On Mit, 2012-05-02 at 16:20 -0400, j.glisse@gmail.com wrote:
From: Jerome Glisse jglisse@redhat.com
This convert fence to use uint64_t sequence number intention is to use the fact that uin64_t is big enough that we don't need to care about wrap around.
Tested with and without writeback using 0xFFFFF000 as initial fence sequence and thus allowing to test the wrap around from 32bits to 64bits.
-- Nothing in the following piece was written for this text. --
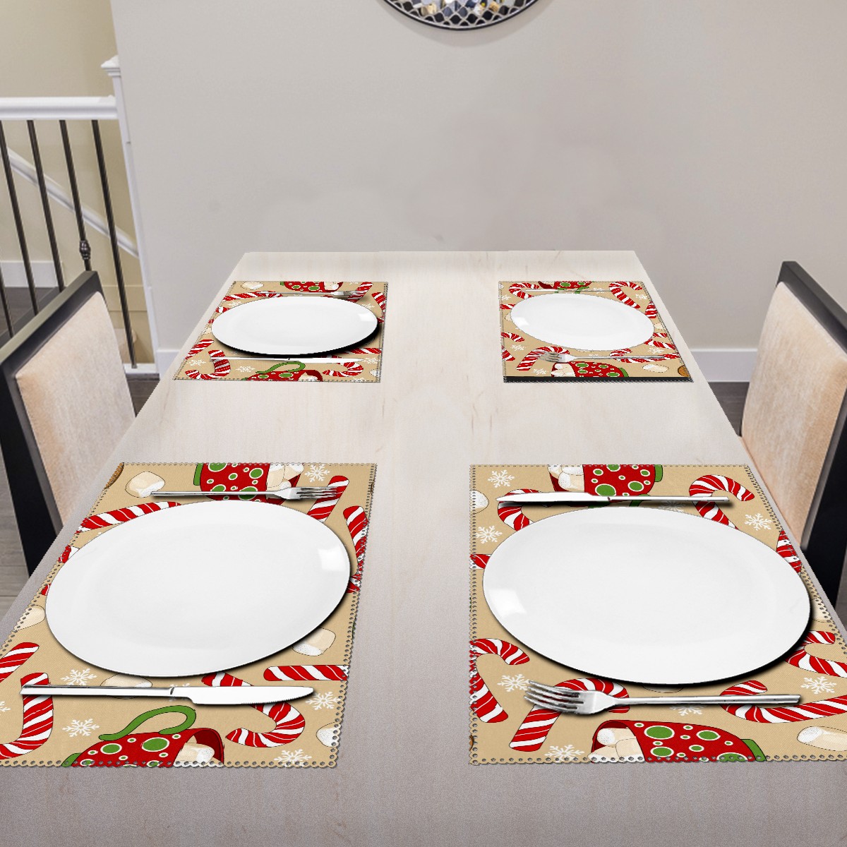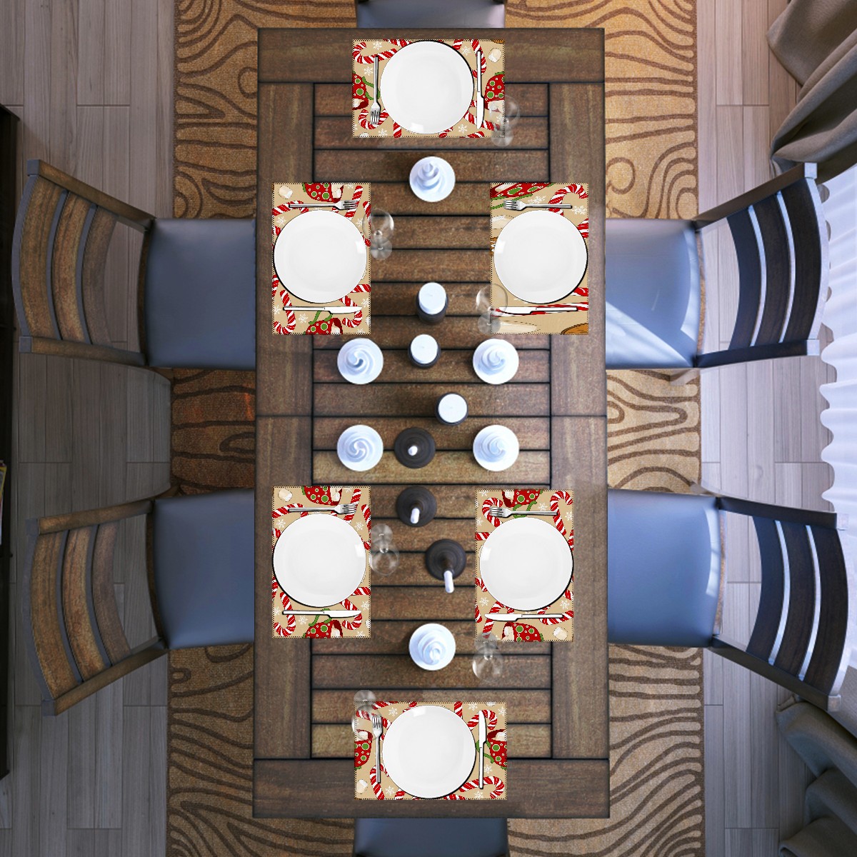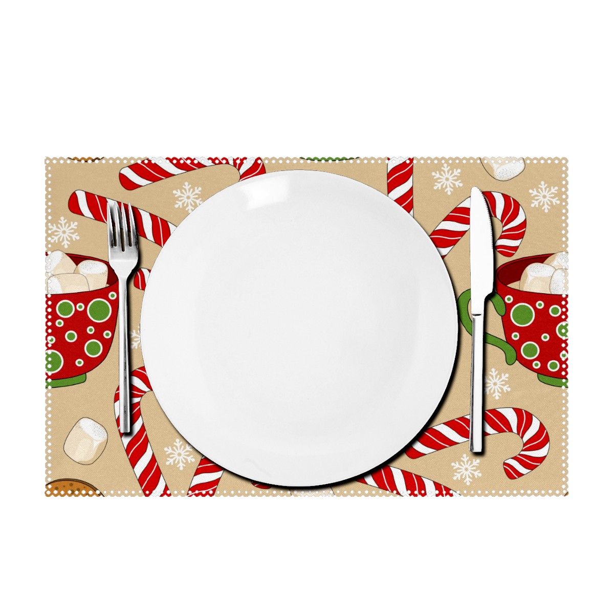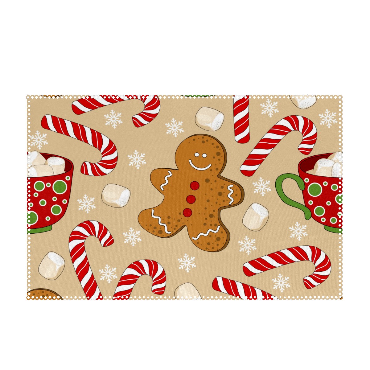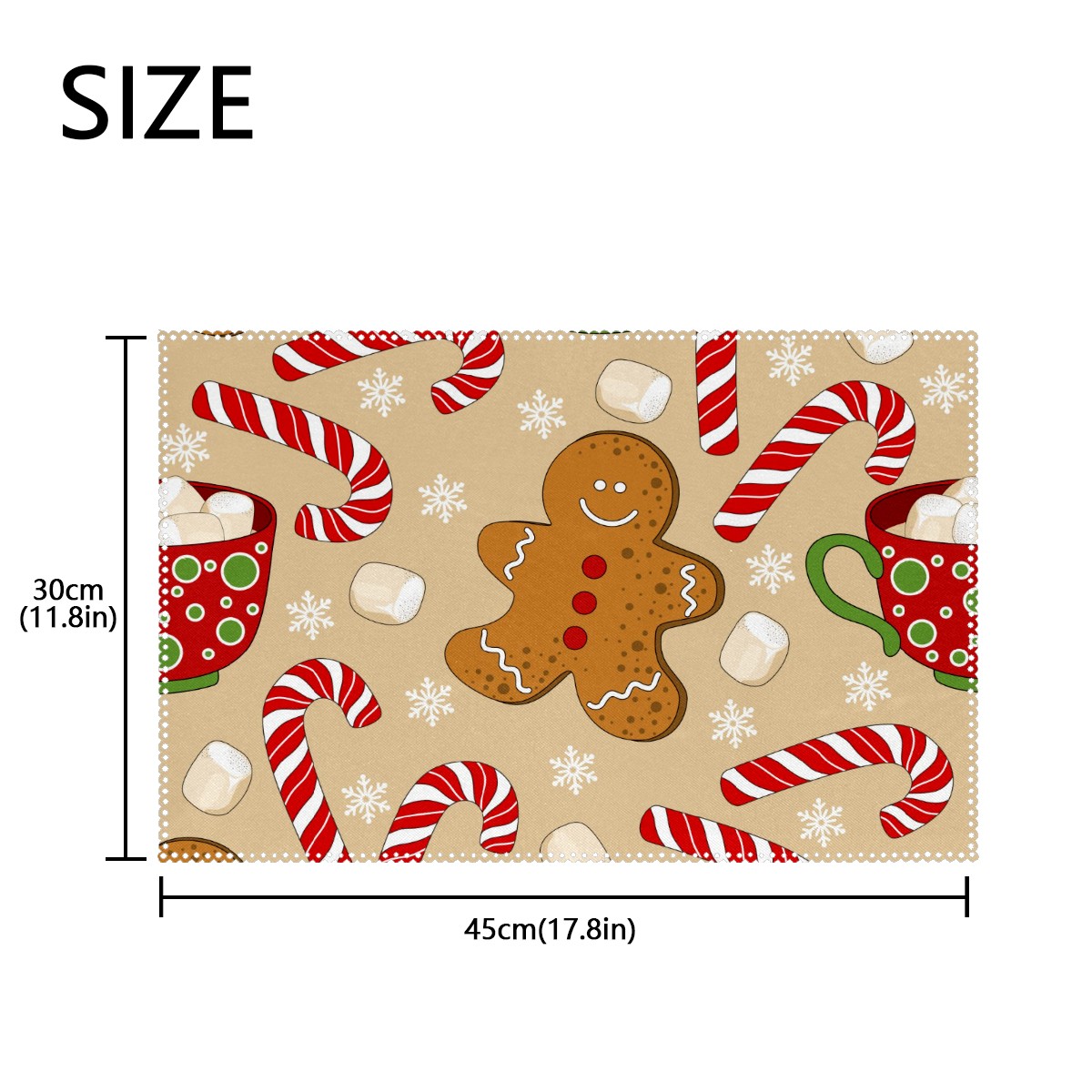 Home Brilliant Placemats Heat Resistant Dining Table Place Mats Plate Mat Cloth Placemat Seasonal Holiday Kitchen Tablecloth Indoor Outdoor Christmas Gingerbread Man Candy

Signed-off-by: Jerome Glisse jglisse@redhat.com
[...]
diff --git a/drivers/gpu/drm/radeon/radeon_fence.c b/drivers/gpu/drm/radeon/radeon_fence.c index 7733429..6da1535 100644 --- a/drivers/gpu/drm/radeon/radeon_fence.c +++ b/drivers/gpu/drm/radeon/radeon_fence.c @@ -386,9 +388,9 @@ int radeon_fence_driver_start_ring(struct radeon_device *rdev, int ring) rdev->fence_drv[ring].scratch_reg - rdev->scratch.reg_base; }
- rdev->fence_drv[ring].cpu_addr = &rdev->wb.wb[index/4];
- rdev->fence_drv[ring].cpu_addr = (u64*)&rdev->wb.wb[index/4];
Might want to ensure cpu_addr is 64 bit aligned, or there might be trouble on some architectures.
With this change, Cayman cards will already use six scratch registers for the rings. It won't be possible to extend this scheme for even one additional ring, will it?